Every time I land in a new country there is a period of transition; I’ve come to understand this now. A period where I miss the place I just left, struggle to figure out how to get to where I want to be, how to eat what I am hungry for, assess the prices of things in relative terms, scratch and shift uncomfortably in my new room. Such was the case in Zanzibar.

I arrived early in the morning off a red-eye. I was exhausted and dull. The air was thick with moisture. The sun was only just starting to inch above the horizon, but it was already hot. Africa hot. We used to say that as kids growing up in New York City on those unforgiving August days to describe our suffering in the weather – “it’s Africa hot.” We thought we were clever. Here in Zanzibar, I actually was in Africa, and it was actually Africa hot. I humped my luggage into my room and fell asleep.

When I come to shortly after noon, I shake off the sleep and step outside the hotel to survey the area. White sand stretches out to the horizon dotted with black reeds. Sea water pools along the coast line creating streaks of turquoise blue and moss green. Fishing boats sit abandoned in the sand. The tide is out. Far out.. At the horizon a strip of deep blue melts into the endless sky. The endless sky dwarfs the people beneath it. Dwarfs me. The world feels expansive. The air is still. Only the screeching of birds overheard reassures me that I haven’t stepped into a painting. There are no objects, only shapes. There are no inhabitants, only colors: turquoise, cream, black and green.

I walk slowly down the beach. Slowly because I am still tired and jet lagged, slowly because I am melting under the mid day sun, slowly because I am dumbstruck by the beauty stretched out in front of me and I need to take it all in.

∴ ∴ ∴

By day three I found my rhythm. Wake at 9am, quick breakfast of fresh local fruit and down to the beach for a swim before the tide rolls out and the day is so hot even the sea provides little relief. Another traveler I met at my guest house, Pawel and I decide to walk out to the where the sand meets the sea – it looks to be about a mile. The idea of jumping off the reef that rims Paje beach, and into deep ocean summons us. We start our journey toward the horizon. The sea can be so deceptive. At one moment we are wading in ankle deep water, another step and we sink in as deep as our knees. For minutes at a time we drop onto our belly and do a careful breast stroke over the patches of rock and seaweed, the sun beating down on our backs which skim the water line.

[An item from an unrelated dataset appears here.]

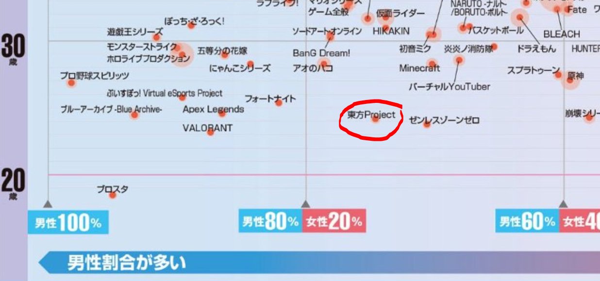 (지난해(2025) 닛케이에서 조사한 내용에서 언급된 주요 작품들의 팬층 분석 내용, 동방은 이 그래프에서 가장 어린 연령대를 가진 작품 중 하나 였습니다. 위의 자료가 실린 곳은 日経エンタ (닛케이 엔터) 25년10월호)

We stand again when the water turns too shallow to swim, and walk, raising our legs high over the water line like flamingos. About 1,000 feet from shore the sandy bottom is spotted with small purple sea urchins. Pawel warns me from stepping on the sea urchins with a story of a friend who ended up in the hospital to get the spines removed from his feet.

Stepping on a sea urchin is one of my earliest childhood memories. We were living in Curaçao at that time. I crawled off the side of our boat and sank to the ocean floor, my small foot landing on the sharp spines. I remember a hand wrapped around my hair pulling me up toward the sunlight. My mother. I remember screaming in pain on the dock while my nanny pulled the spines out of my chubby toddler foot. After that experience the sea felt even more mine.

Captured by that memory I sink back down into the water. It’s not quite deep enough to swim. I float on my belly, legs stretched behind me, arms reaching down in front of me grazing the sandy bottom. I use my fingers, like a paddle, to press against the sand and push my body forward in a kind of hand walk/ glide, careful to avoid the minefield of rocks and urchins only inches below me. I move slowly, carefully. The world around me feels immeasurably large. I feel like a child. I think about how much of emotional healing is about unlocking something essential within yourself.

Before New York City I was I was a happy island child, playing naked by the sea with other happy island children. I learned to swim before I learned to walk. Before my mother was a drunk and my father was gone. Before the names Shirley and Ueli became synonyms in my family for the terrible things that grown men do to little girls. Before my suicide attempt. Before I was adopted and felt the awkward out of place way of not belonging anywhere, or to anyone. Before I worked myself into the hospital in an attempt to cure the incurable place inside me that never felt wanted or loved. Before all of that, I swam in the calm Caribbean waters; I sank to the bottom of the shallow ocean and landed on a sea urchin; my nanny pulled the spines out of my tiny foot, calming my wild screams.

Now I am doing my slow hand walk / swim / glide through the urchin spotted waters, remembering life as it is when we are born. Life before shame. Before fear. Before anger ossifies into hate. Remembering that I was born into love. Remembering that before man’s laws, we are born free. Before me, we were born in Africa 60,000 years ago. Before any of us, we were fish who crawled out of the sea.